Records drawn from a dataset

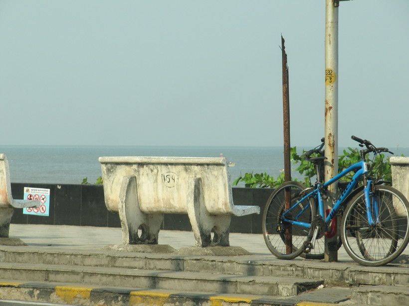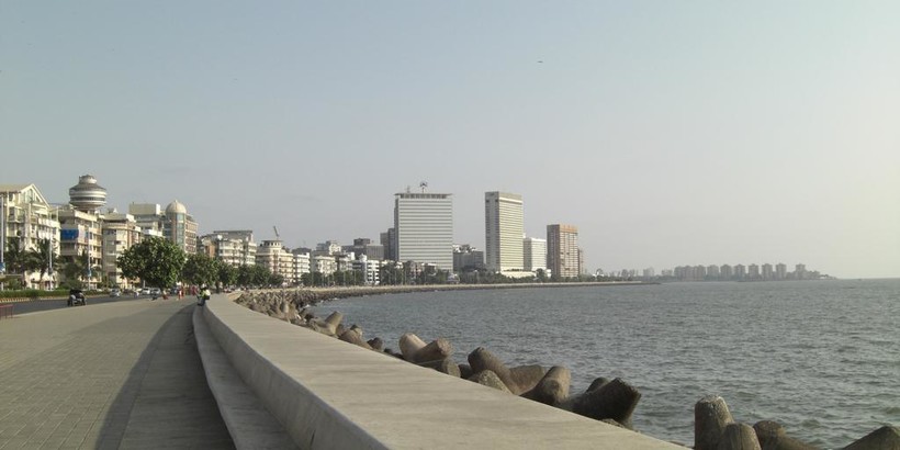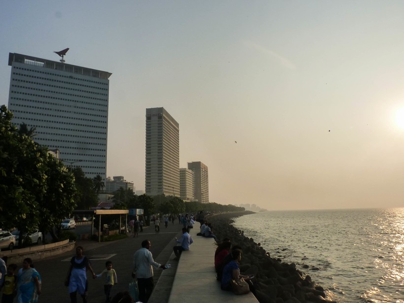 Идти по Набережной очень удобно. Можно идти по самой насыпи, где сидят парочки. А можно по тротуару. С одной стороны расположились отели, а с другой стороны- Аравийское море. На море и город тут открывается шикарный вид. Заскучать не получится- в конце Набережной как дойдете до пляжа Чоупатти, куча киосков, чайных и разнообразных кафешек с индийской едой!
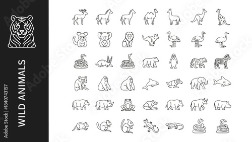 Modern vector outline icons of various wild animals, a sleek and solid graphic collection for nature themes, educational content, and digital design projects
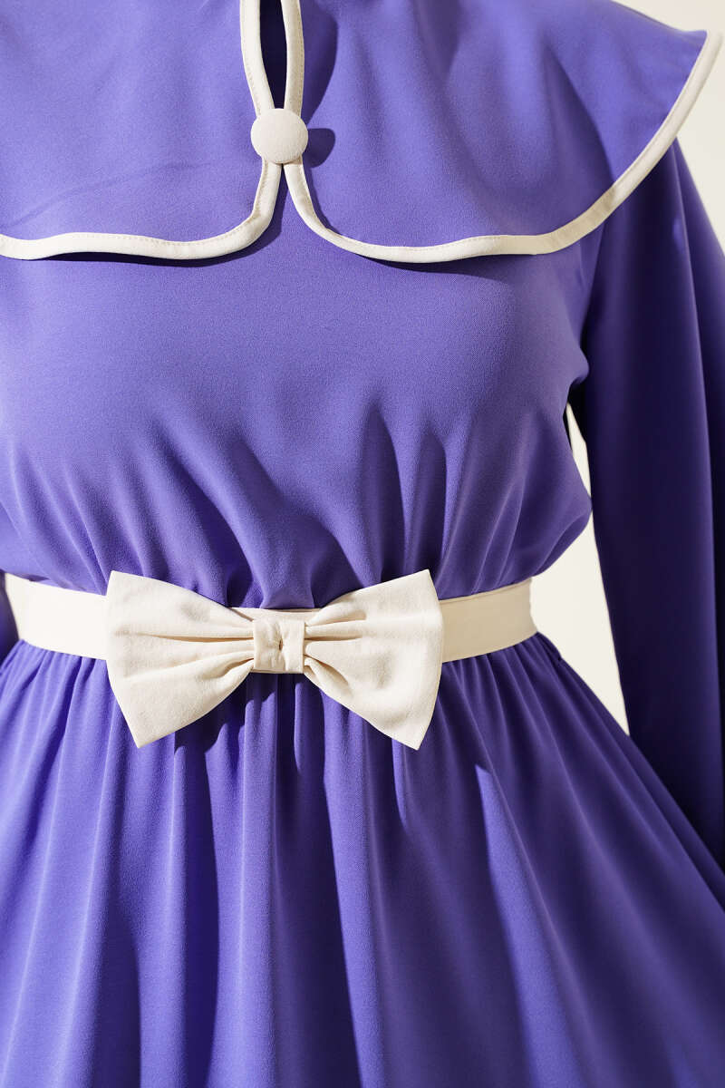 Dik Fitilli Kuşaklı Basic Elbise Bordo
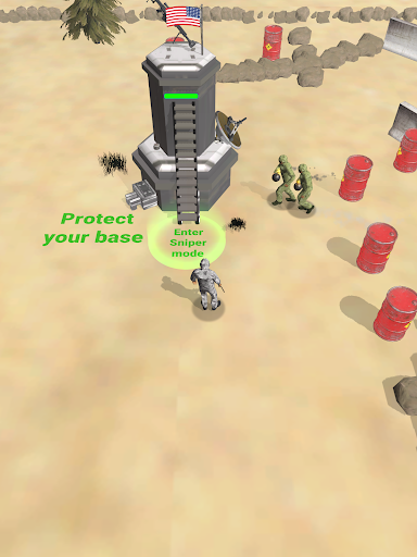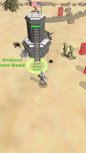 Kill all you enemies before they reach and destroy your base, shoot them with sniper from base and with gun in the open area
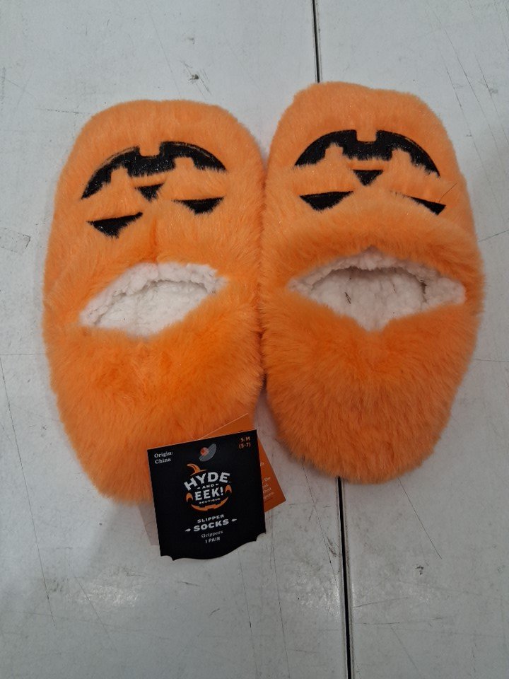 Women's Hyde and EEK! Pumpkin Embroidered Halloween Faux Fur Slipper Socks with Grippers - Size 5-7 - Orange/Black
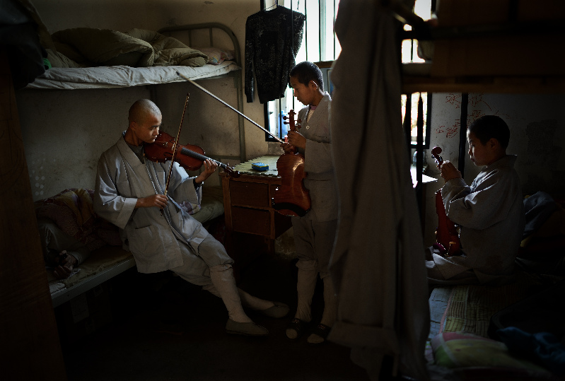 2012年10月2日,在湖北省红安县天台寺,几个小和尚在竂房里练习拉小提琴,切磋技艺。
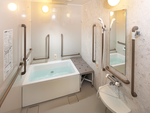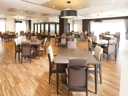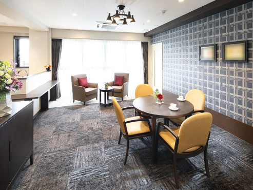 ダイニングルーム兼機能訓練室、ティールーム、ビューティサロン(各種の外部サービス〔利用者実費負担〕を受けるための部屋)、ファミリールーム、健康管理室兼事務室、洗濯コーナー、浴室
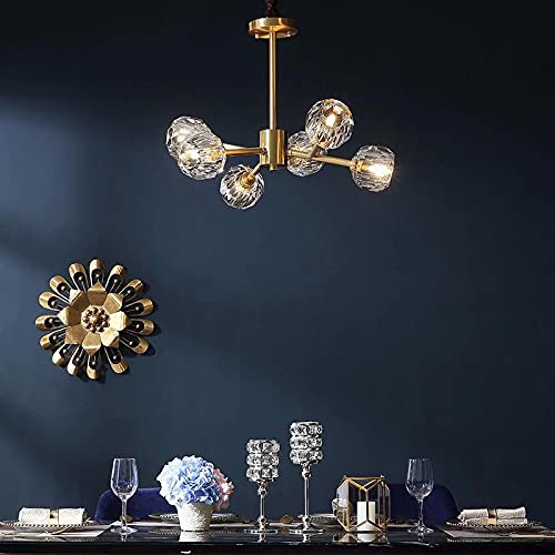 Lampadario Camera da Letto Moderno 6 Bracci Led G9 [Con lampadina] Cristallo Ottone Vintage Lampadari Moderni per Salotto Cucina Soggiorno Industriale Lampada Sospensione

● **About this task**
Excluding pictures, copy exactly the lines from the line containing "2012年10月2日,在湖北" through the last line of the data, inclusive.

● **Task output**
 2012年10月2日,在湖北省红安县天台寺,几个小和尚在竂房里练习拉小提琴,切磋技艺。
 ダイニングルーム兼機能訓練室、ティールーム、ビューティサロン(各種の外部サービス〔利用者実費負担〕を受けるための部屋)、ファミリールーム、健康管理室兼事務室、洗濯コーナー、浴室
 Lampadario Camera da Letto Moderno 6 Bracci Led G9 [Con lampadina] Cristallo Ottone Vintage Lampadari Moderni per Salotto Cucina Soggiorno Industriale Lampada Sospensione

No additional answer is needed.